Мишка нагнулся, раздвинул цветы. Ну да, вот трафарет, он его и писал. Воробей в тот день в прокуратуру ходил. Втроем и захоранивали после обеда: он, Стасик и Раевский.
— Здесь была бесхозная могила, — продолжал мужчина. — Где она?
— Бесхозная? — насторожился Мишка.
— Дело вот в чем: я из Управления культуры. Здесь должны быть…
— Михаил! — По соседней дорожке шли Стасик с Раевским. — Тебя клиент обыскался.
— Извините, — пробормотал Мишка толстому, — я не в курсе.
Когда очередь за цветниками уже подходила к концу, появился Стасик.

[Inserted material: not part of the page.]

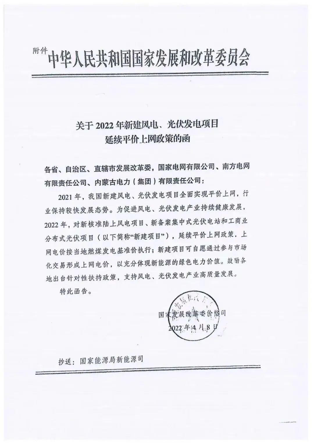 4月18日,科爾沁人民政府轉發由國家發改委發布的《關于2022年新建風電、光伏發電項目延續平價上網政策的函》的通知。

Он вошел в сарай и прикрыл дверь.
— Ну, с кем это ты толковал у «декабристов»?
Мишка похолодел.
— Не знаю… Спросил, откуда могила свежая?..
— Угу, могила… — тише обычного проговорил Стасик. — А ты?.. Мол, не знаю, дядэнька?..
— А чего? Чего случилось-то? — спросил Мишка, прекрасно понимая, что случилось.
— Ничего, — Стасик улыбнулся. — Все прекрасно. Будь здоров, дружок.
— Чего-то у тебя звонок не фурычит? — На пороге стоял Воробей с пузатым портфелем в руках. — Здорово, могильщик хренов!..
— Леша? — Мишка растерянно смотрел на гостя. — Как разыскал?
— Забыл? На день рожденье моем сам записывал. Забы-ыл! — Воробей махнул рукой. — В квартиру-то пустишь?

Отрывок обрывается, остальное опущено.